Погоревав с годик для приличия, Таркин озаботился новой женитьбой. Вопрос престолонаследия к тому времени стоял уже достаточно остро: ни одна из придворных дам, осчастливленных вниманием монарха, не понесла бастарда, хотя мечтали об этом, конечно же, все, начиная от замужних аристократок и заканчивая юной помощницей судомойки. То ли проклятье какое лежало на королевской семье, то ли болезнь точила венценосные тела, но проблема с детьми, как законными, так уж хоть бы и внебрачными, встала во весь рост.
Таркин подошёл к делу серьёзно. Для начала он наотрез отверг все портретики возможных претенденток на руку, сердце и корону, которыми его буквально завалили послы и придворные. Потом начал наводить справки и, в конце концов, сделал свой выбор.
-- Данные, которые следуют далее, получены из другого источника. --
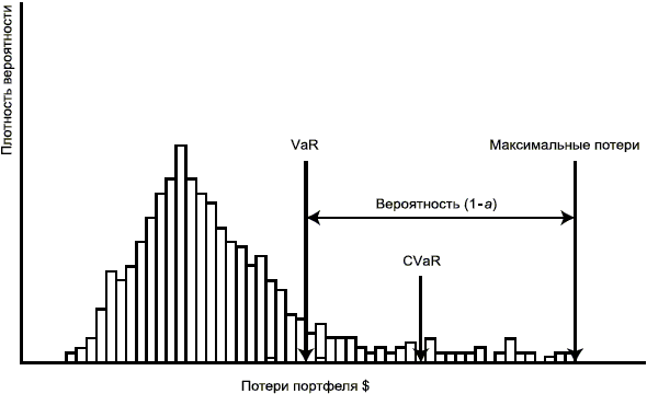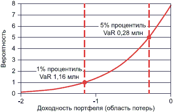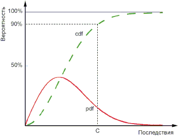 В pdf отображается вероятность различных значений последствий в визуальной форме, включая наиболее вероятное значение, дисперсию и вероятность возникновения экстремального события.
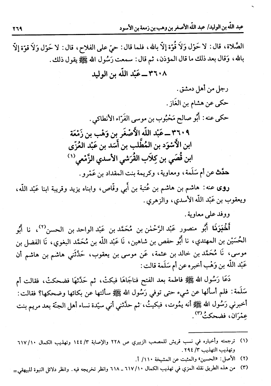 3609 - عبد الله الأصغر بن وهب بن زمعة ابن الأسود بن المطلب بن أسد بن عبد العزى ابن قصي بن كلاب القرشي الأسدي الزمعي (1) حدث عن أم سلمة ومعاوية وكريمة بنت المقداد بن عمرو روى عنه هاشم بن هاشم بن عتبة بن أبي وقاص وابناه يزيد وقريبة ابنا عبد الله ويعقوب بن عبد الله الأسدي والزهري ووفد على معاوية أخبرنا أبو منصور عبد الرحمن بن محمد بن عبد الواحد بن الحسن (2) نا أبو الحسين بن المهتدي نا أبو حفص بن شاهين نا عبد الله بن محمد البغوي نا الفضل بن موسى نا محمد بن خالد بن عثمة عن موسى بن يعقوب حدثني هاشم بن هاشم أن عبد الله بن وهب أخبره عن أم سلمة قالت دعا رسول الله (صلى الله عليه وسلم) فاطمة بعد الفتح فناجاها فبكت ثم حدثها فضحكت فقالت أم سلمة فلم أسألها عن شئ حتى توفي رسول الله (صلى الله عليه وسلم) سألتها عن بكائها وضحكها فقالت أخبرني رسول الله (صلى الله عليه وسلم) أنه يموت فبكيت ثم حدثني أني سيدة أهل الجنة بعد مريم بنت عمران فضحكت (3)

Ирла, родом с Неварского архипелага, почти не имела шансов выйти замуж за соотечественника. На островах ценились совсем иные женщины – высокие, сильные, статные, полногрудые и крутобёдрые, с мускулистыми руками, способными и вёслами грести, и полные рыбы сети тянуть, и при необходимости за рукоять боевого топора взяться. Даже девушки из правящей княжеской семьи не чурались тренировок с оружием и земледелия, а уж гребля и вовсе почиталась таким же обязательным занятием для островных аристократок, как рукоделие или врачевание. Ирла же была нежным цветком – тоненькая, хрупкая, невысокая, с маленькими ручками и стройными ножками, широко распахнутыми наивными глазами и пухлыми губками. С большинством островитян её роднил лишь цвет волос – удивительно светлый, почти белый. Как этакое чудо появилось на свет в Неварской княжеской семье – загадка. Или, скорее, неудачная шутка Луноликой. И родители её, и братья с сёстрами были типичными уроженцами архипелага – все как на подбор смуглые, высокие, крепкие, с узкими от постоянного прищуривания глазами и волосами, пропитанными солью.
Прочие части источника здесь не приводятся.